— Так мог поступить только якобинец! — воскликнула благочестивая Анжелика.
— Сударыня, вы забываете, что ваш отец был одним из тех якобинцев, которых вы осуждаете так беспощадно. Гражданин Бонтан подписывал смертные приговоры в то время, когда мой дядя оказывал Франции ценные услуги.

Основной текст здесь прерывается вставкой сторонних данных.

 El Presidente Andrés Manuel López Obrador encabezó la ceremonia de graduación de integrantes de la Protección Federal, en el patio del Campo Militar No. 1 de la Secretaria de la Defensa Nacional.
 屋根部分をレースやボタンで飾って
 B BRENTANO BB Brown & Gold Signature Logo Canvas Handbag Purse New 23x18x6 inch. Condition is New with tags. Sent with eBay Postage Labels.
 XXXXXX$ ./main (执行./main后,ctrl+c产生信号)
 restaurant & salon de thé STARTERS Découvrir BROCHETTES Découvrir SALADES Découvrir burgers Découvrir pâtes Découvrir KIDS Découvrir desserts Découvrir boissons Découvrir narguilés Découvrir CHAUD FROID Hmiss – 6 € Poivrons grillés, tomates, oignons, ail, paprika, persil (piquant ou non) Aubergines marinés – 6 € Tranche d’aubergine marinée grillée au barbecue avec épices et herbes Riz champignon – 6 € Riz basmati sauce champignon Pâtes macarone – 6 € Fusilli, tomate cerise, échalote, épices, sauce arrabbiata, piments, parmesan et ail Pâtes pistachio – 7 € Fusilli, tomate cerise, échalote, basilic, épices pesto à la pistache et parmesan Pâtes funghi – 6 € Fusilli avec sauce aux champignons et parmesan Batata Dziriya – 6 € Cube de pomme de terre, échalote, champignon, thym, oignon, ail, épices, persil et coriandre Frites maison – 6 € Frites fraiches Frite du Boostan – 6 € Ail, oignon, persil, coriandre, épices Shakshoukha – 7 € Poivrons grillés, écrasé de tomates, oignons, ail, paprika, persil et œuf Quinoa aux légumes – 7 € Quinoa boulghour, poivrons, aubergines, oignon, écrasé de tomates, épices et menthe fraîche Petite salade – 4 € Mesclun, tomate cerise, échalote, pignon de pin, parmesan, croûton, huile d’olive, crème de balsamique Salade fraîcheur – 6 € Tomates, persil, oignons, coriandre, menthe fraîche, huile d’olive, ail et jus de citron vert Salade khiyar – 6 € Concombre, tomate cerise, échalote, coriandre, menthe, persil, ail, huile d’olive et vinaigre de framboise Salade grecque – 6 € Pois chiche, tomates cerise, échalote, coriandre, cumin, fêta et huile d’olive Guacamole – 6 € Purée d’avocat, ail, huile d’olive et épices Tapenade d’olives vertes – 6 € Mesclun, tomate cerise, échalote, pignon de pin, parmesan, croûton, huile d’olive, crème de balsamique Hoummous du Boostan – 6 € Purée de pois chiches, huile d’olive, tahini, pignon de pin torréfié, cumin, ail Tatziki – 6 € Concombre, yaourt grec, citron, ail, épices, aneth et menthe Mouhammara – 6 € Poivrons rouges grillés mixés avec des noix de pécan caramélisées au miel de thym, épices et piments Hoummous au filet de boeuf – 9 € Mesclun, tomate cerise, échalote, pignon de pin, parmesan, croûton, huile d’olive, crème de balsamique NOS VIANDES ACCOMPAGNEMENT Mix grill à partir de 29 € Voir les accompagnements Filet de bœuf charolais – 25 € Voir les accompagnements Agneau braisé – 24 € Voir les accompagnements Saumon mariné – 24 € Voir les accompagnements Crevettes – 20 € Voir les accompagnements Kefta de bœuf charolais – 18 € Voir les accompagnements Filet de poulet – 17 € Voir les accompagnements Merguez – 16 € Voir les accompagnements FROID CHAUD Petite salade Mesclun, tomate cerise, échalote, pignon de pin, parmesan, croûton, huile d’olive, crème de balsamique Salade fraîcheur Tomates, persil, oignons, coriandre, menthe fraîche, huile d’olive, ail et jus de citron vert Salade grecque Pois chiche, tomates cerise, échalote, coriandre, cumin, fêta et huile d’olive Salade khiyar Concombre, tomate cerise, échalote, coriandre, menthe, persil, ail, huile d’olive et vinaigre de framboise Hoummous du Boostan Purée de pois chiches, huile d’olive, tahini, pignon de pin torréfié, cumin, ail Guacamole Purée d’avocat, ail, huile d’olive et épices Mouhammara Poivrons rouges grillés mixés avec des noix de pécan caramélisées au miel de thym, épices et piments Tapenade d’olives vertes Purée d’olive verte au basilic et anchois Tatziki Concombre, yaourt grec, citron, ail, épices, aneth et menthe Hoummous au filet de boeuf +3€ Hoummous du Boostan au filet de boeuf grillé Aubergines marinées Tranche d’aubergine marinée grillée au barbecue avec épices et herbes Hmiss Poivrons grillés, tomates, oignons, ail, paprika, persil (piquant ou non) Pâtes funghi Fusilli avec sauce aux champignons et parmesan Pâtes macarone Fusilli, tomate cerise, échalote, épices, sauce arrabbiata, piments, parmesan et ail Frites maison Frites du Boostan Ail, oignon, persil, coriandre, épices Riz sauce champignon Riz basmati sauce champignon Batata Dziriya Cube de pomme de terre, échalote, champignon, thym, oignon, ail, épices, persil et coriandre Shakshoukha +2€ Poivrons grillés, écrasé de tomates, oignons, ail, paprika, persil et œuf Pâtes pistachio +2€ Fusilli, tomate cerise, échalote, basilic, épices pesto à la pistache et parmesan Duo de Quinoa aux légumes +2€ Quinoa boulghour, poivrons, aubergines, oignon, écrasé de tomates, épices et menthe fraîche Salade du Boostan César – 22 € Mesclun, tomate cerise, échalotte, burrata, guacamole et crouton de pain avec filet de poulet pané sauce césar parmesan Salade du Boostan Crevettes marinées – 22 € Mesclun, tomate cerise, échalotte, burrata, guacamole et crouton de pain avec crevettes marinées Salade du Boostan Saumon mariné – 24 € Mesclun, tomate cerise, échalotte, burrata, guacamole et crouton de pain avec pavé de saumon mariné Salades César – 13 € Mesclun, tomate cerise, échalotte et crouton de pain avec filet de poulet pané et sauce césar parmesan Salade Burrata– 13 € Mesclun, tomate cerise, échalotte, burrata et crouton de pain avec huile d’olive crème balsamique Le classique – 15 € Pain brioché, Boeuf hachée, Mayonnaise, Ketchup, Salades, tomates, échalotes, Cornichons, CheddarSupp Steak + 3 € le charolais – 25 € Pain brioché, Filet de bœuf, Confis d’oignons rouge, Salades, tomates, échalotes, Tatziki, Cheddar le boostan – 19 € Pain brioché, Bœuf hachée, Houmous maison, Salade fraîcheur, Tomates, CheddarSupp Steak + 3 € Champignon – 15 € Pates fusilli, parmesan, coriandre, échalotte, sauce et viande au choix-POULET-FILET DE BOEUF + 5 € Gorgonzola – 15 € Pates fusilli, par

Госпожа де Гранвиль замолчала. Но после минутной паузы воспоминание о только что виденной сцене пробудило в ней ревность, которую ничто не может заглушить в сердце женщины, и графиня сказала тихо, как бы про себя:
— Можно ли так губить свою душу и души других!
— Э, сударыня, — заметил граф, утомленный разговором, — быть может, когда-нибудь вам самой придется ответить за все это. — При последних словах графиня содрогнулась. — В глазах снисходительного судьи, который станет взвешивать наши поступки, — продолжал он, — вы, несомненно, будете правы: вы сделали меня несчастным из добрых намерений. Не думайте, что я ненавижу вас; я ненавижу людей, которые извратили ваше сердце и ваш ум. Вы молились за меня, а мадемуазель де Бельфей отдала мне свое сердце, окружила меня любовью. Вам же приходилось быть поочередно то моей возлюбленной, то святой, молящейся у подножия алтаря. Отдайте мне должное и сознайтесь, что я не порочен, не развращен. Я веду нравственный образ жизни. Увы, по прошествии семи лет страдания потребность в счастье незаметно привела меня к другой женщине, к желанию создать другую семью. Не думайте, впрочем, что я один так поступаю: в этом городе найдется тысяча мужей, вынужденных по различным причинам вести двойную жизнь.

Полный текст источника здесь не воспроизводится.